> Activity: Exact reproduction, images excluded: write out the records below.

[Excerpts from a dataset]
***

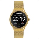 Pulseira em aço inoxidável tipo mesh, com fecho ajustável.
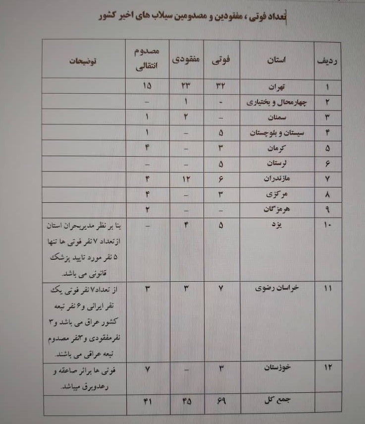 وی با بیان اینکه از میان 69 نفر فوتی شش نفر تبعه کشور عراق هستند، گفت: همچنین طبق آخرین آمارها 45 نفر مفقودند که سه نفرشان تبعه عراقی هستند و تلاش برای یافتن این افراد از سوی امدادگران هلال احمر، آتشنشانی و ... در حال انجام است.
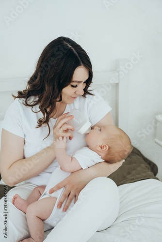 a mother feeds a baby from a bottle, a happy young mother feeds a newborn baby with milk or formula and smiles on the bed at home, a loving family holds their son in their arms. baby food
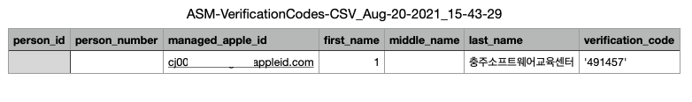 확인 코드는 애플 스쿨 매니저에서 계정을 클릭한 후 아래와 같은 메뉴에서 [확인 코드]를 눌러 생성할 수 있습니다.
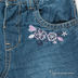 Детали: в пояс вшита резинка, два передних кармана, два задних кармана, изделие декорировано вышивкой, эффект потертости
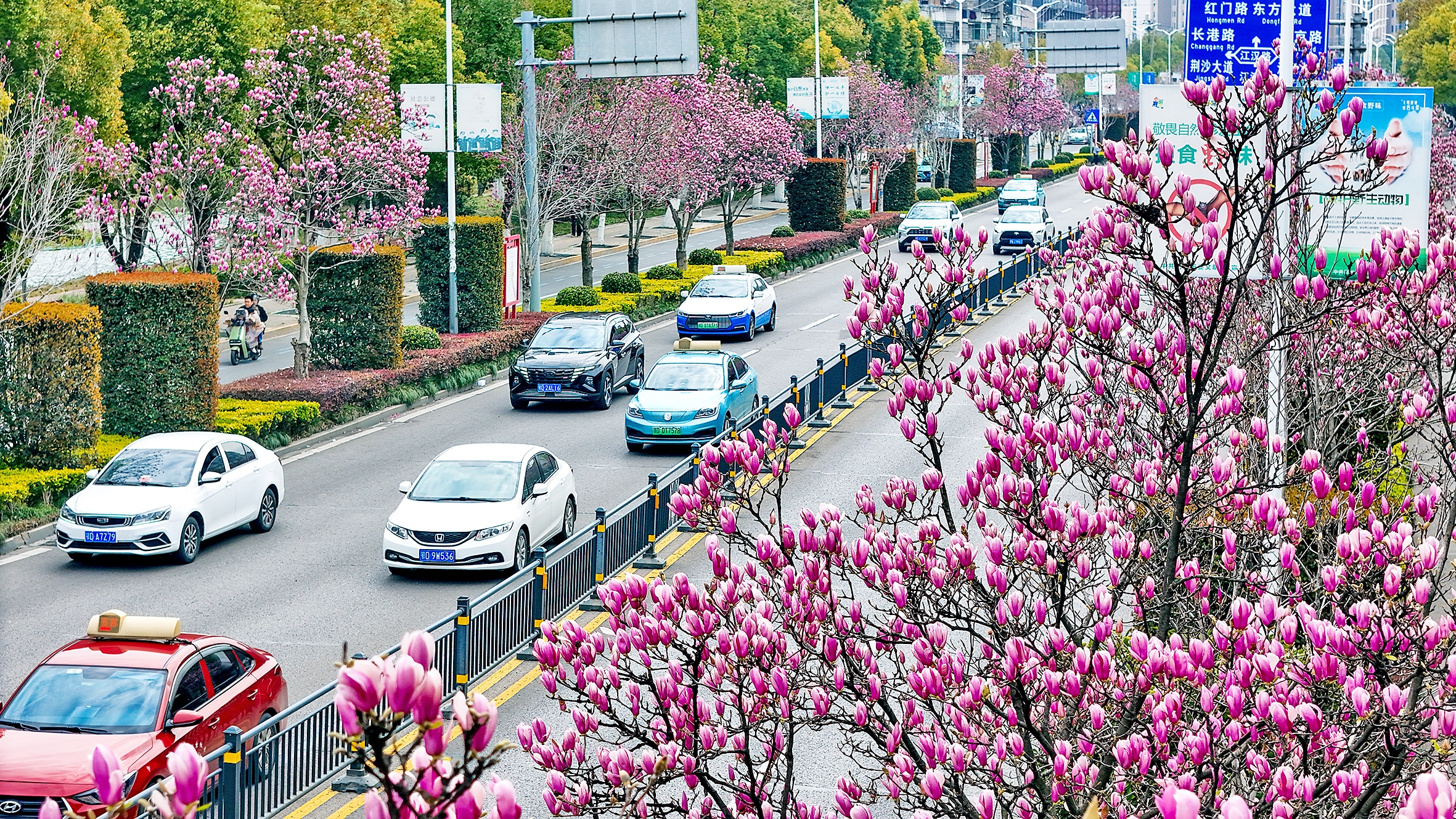 春风拂岸,繁花缀城。近日,荆州各赏花点位已进入最佳观赏期,市民无需远行,便能在家门口邂逅一场“一路一花、步移景异”的视觉盛宴。图为荆州江津中路的紫玉兰像一个个紫色的酒杯,斟满了春日浪漫。
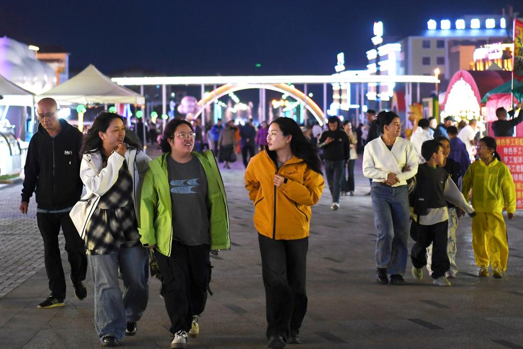 7月17日,人们在改造后的昭苏县天马旅游街区逛街。新华社记者 谢秀栋 摄
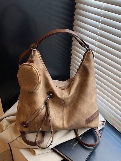 Bolso de mano retro de gran capacidad, nueva bolsa de hombro de nicho coreano, mochila multifuncional de moda para mujer - Marrón - Añade 1

***

> Result below:
 Pulseira em aço inoxidável tipo mesh, com fecho ajustável.
 وی با بیان اینکه از میان 69 نفر فوتی شش نفر تبعه کشور عراق هستند، گفت: همچنین طبق آخرین آمارها 45 نفر مفقودند که سه نفرشان تبعه عراقی هستند و تلاش برای یافتن این افراد از سوی امدادگران هلال احمر، آتشنشانی و ... در حال انجام است.
 a mother feeds a baby from a bottle, a happy young mother feeds a newborn baby with milk or formula and smiles on the bed at home, a loving family holds their son in their arms. baby food
 확인 코드는 애플 스쿨 매니저에서 계정을 클릭한 후 아래와 같은 메뉴에서 [확인 코드]를 눌러 생성할 수 있습니다.
 Детали: в пояс вшита резинка, два передних кармана, два задних кармана, изделие декорировано вышивкой, эффект потертости
 春风拂岸,繁花缀城。近日,荆州各赏花点位已进入最佳观赏期,市民无需远行,便能在家门口邂逅一场“一路一花、步移景异”的视觉盛宴。图为荆州江津中路的紫玉兰像一个个紫色的酒杯,斟满了春日浪漫。
 7月17日,人们在改造后的昭苏县天马旅游街区逛街。新华社记者 谢秀栋 摄
 Bolso de mano retro de gran capacidad, nueva bolsa de hombro de nicho coreano, mochila multifuncional de moda para mujer - Marrón - Añade 1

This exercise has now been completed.